What about your shopping basket? GM foods don’t have to be labelled in the US, so most people probably have no idea that the White Russet potatoes or Arctic apples they buy are genetically modified. In fact, a 2013 survey found that half of people in the US .

By the time good-gluten sandwiches are on the menu (see “Pink pineapples and healthy fries: the new GM foods made for you”), things could be different. From July, a new US labelling law means that, at the very least, firms must add a scannable barcode to any food containing GM ingredients (see “Food rules”). However, the draft rules were unveiled only in May, and it appears that food made from gene-edited crops will not have to be labelled.
The argument here is that varieties of plant created by altering their own genes, rather than by adding extra genes sometimes taken from other organisms, are distinct from normal GM crops. US regulators appear to agree. For instance, they have told Calyxt that its products, such as the high-fibre wheat, and its good-gluten flour – which is made by slicing out the genes that make the kind of gluten implicated in coeliac disase – will be treated as conventional rather than GM foods.
“The consumer has to have a choice. And they have to be informed to make it”

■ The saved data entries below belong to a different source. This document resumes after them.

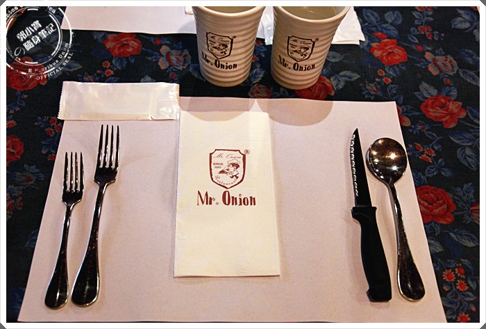 Mr.Onion牛排提供的餐具也頗為精簡,我喜歡它們底下的花布給了不一樣的感覺,大部分美式排餐都喜歡紅白條紋或是紅白格紋的桌布,有這類型的暗色系花布感覺也滿新鮮的。
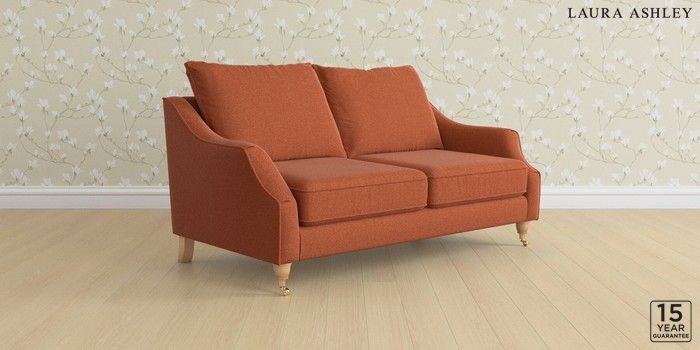 6.12.1 Buy Beverley by Laura Ashley 3 Seater Small Sofa Harley Terracotta Orange Low Brass Castor - Light Oak from the Laura Ashley online shop Click here to use our website with more accessibility support, for example screen readers
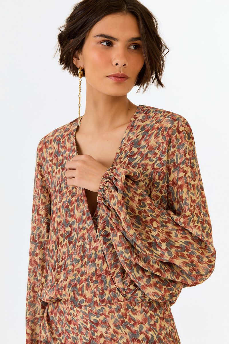 - Decote V transpassado com botão interno

The EU is still vacillating. If it follows the US example, though, most gene-edited foods would not have to be labelled. So it is possible people could end up eating these foods without being aware that they have been created by a form of genetic modification. “We think it’s important that consumers do have the choice,” says Helen Wallace of the campaign group GeneWatch UK.
And it’s not just opponents of GM crops who regard this as desirable. “My view is that you should label,” says Johnathan Napier of Rothamsted Research in the UK, who develops GM crops and also advocates for their use. “The consumer has to have a choice. And you really want the consumer to be informed when they make that choice.”
Yet even if GM foods that benefit the consumer are clearly labelled and marketed as being modified, there is no guarantee this will change attitudes (see “Why the worry with GM?”). “I think it’s going to be difficult to change people’s minds,” says writer and environmentalist Mark Lynas, an anti-GM campaigner turned supporter. In fact, the potential of these consumer-friendly goods to sway public opinion could trigger a huge backlash from opponents. “Any GM organism that can do good is actually seen as a greater threat,” he says.
Take the efforts to enrich rice to prevent vitamin A deficiency, which causes blindness and even death. Golden Rice, as the vitamin-enriched GM version is called, promises to improve the lives of millions of children, yet anti-GM organisations have fervently opposed it.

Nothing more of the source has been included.